In an investigation update published on June 25, the Cardano wallet provider said the attack stemmed from a deterministic nonce derivation flaw in its software signer. This allowed attackers to mathematically reconstruct private keys from publicly available blockchain data after affected addresses signed transactions.
The findings come days after the exploit drained approximately 16 million ADA, worth about $2.4 million. It affected 374 wallets across four separate wallet-draining events.
SecondFi says signing flaw exposed private keys
According to SecondFi, the vulnerability existed at the address level. This means compromised keys remain exposed even if users import the same recovery phrase into another Cardano wallet.
The company said every transaction signed by an affected address leaked sufficient information for attackers to derive that address’s private key from on-chain data.
As a result, SecondFi urged affected users not to migrate their recovery phrases to another wallet or attempt to move funds independently. It warned that compromised addresses could be drained again.
It also cautioned against withdrawing staking rewards, as such transactions could expose funds to attackers monitoring the mempool.
Instead, the wallet provider advised affected users to wait for its official recovery process while submitting claims through its support portal.
Recovery effort enters next phase
SecondFi said it has completed mapping all wallets affected during the initial exploit and has begun the next stage of its recovery program.
The company confirmed that 374 wallet addresses were impacted, with approximately 16 million ADA compromised. It added that emergency containment efforts have already secured around 129 million ADA, which is being held pending recovery operations.
SecondFi has also established a dedicated restoration fund to reimburse affected users and engaged multiple external security firms to audit its systems before resuming normal operations.
The platform remains in maintenance mode while independent security reviews continue.

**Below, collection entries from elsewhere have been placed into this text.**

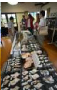
アルトリ海岸 ネイチャーハウス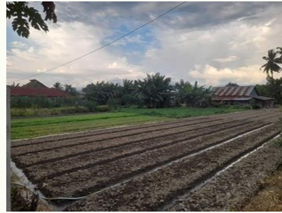
Gambar. 6. Lahan kawasan lindung yang dimanfaatkan untuk ekonomi masyarakat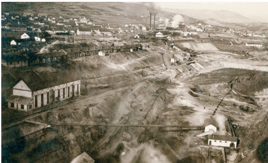
Слика 3 / Figure 3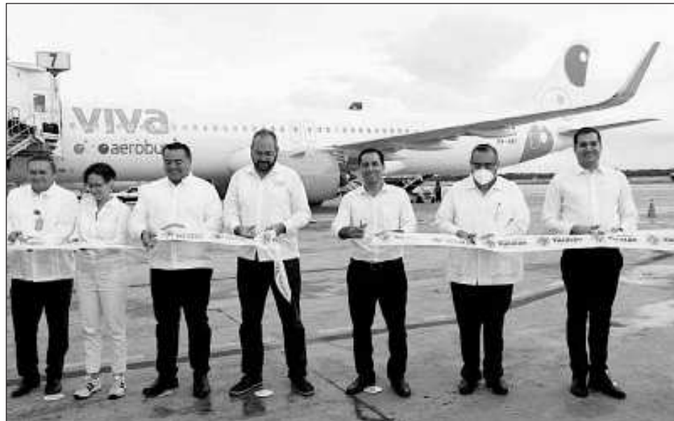
▲ Yucatán se colocó dentro de los primeros cuatro lugares del ranking de crecimiento acumulado de aeropuertos con mayor flujo de viajeros.

Esta cantidad máxima histórica se emite con base en las cifras de la Estadística Operacional de Aeropuertos, presentada por la Secretaría de Infraestructura, Comunicaciones y Transporte (SICT), correspondiente a diciembre de 2023, en la cual, la terminal aérea de Yucatán se posicionó entre las ocho primeras entidades de todo el país en cuanto a pasajeros, lo cual representó

Investigators identify two attacker groups
As part of its latest update, SecondFi said it had identified and isolated the blockchain addresses associated with two attackers responsible for the automated wallet-draining campaigns between June 21 and 23.
According to the investigation, one attacker drained 171 wallets across two waves. At the same time, a second actor compromised 203 wallets during a separate sweep.
The company also disclosed that approximately 4.02 million ADA linked to the exploit remains in one identified collection wallet. The wallet has been flagged and remains under active monitoring.
Final Summary
- SecondFi traced the Cardano wallet exploit to a deterministic nonce-derivation flaw that enabled attackers to reconstruct private keys from public blockchain data.
- The company has launched a recovery program, identified two attacker groups, and warned affected users not to restore compromised recovery phrases into other wallets.